ID: 2654282 • Letter: C

Question

Corporations often use different costs of capital for different operating divisions. Using an example, calculate the weighted cost of capital (WACC). What are some potential issues in using varying techniques for cost of capital for different divisions? If the overall company weighted average cost of capital (WACC) were used as the hurdle rate for all divisions, would more conservative or riskier divisions get a greater share of capital? Explain your reasoning. What are two techniques that you could use to develop a rough estimate for each division’s cost of capital? Your initial response should be 200 to 250 words.

Explanation / Answer

Weighted average cost of capital calculates the cost of capital by using the cost of debt (after tax) and cost of equity and multiplying it with their respective weights in the total capital.

WACC = weight of debt*after tax cost of debt+weight of equity*cost of equity.

Suppose a firm has 50% debt and 50% equity in its capital. Its after tax cost of debt is 8% and cost of equity is 14%.

WACC = 0.50*8%+0.50*14% = 4%+7% = 11%.

WACC is used as a hurdle rate. It is used to discount future cash flows. In case of a diversified company like Samsung, it would be wrong to use a single company wide WACC. It is because Samsung operates in different segments like smartphones, TVs, fridge, etc. Each segment or division has its own risk profile. The smartphone segment is highly risky and demand is dependendt on new launches. This is not the case with the fridge or AC division and they are less risky. Thus each department or division should use its own cost of capital, reflecting its intrinsic risk.

If a single wide WACC is used, then the riskier projects will benefit. This is because, the more the risk, the more return is required. So in case of riskier projects the hurdle rate will be much higher than conservative projects. This will cause the cash flows of riskier projects to be discounted at a higher rate. By using a company wide single rate, the riskier projects will get the benefit of being discounted at a lower rate, thus getting more resources.
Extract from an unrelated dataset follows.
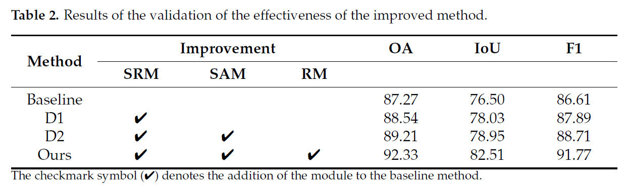 Для проверки наших улучшений мы провели абляционные эксперименты. Используя DeepLabV3+ в качестве базовой линии, мы сначала добавили SRM на этап кодирования, создав метод D1. Затем мы добавили SAM на этап декодирования D1, получив метод D2. Наконец, мы добавили RM к D2, получив метод, используемый в этом исследовании.

The reverse is true in case of conservative projects.

For developing the cost of capital of each division, the initial project outlay should be calculated. How this investment outlay was funded should be considered to calculate the WACC of the division. Suppose Samsung issued 9% bonds to raise $100,000,000. This amount was used for the smartphone division only. So this amount should be used while calculating the debt portion of smart phone division, and should not be alloted to any other division. This way the division wise cost of capital can be calculated.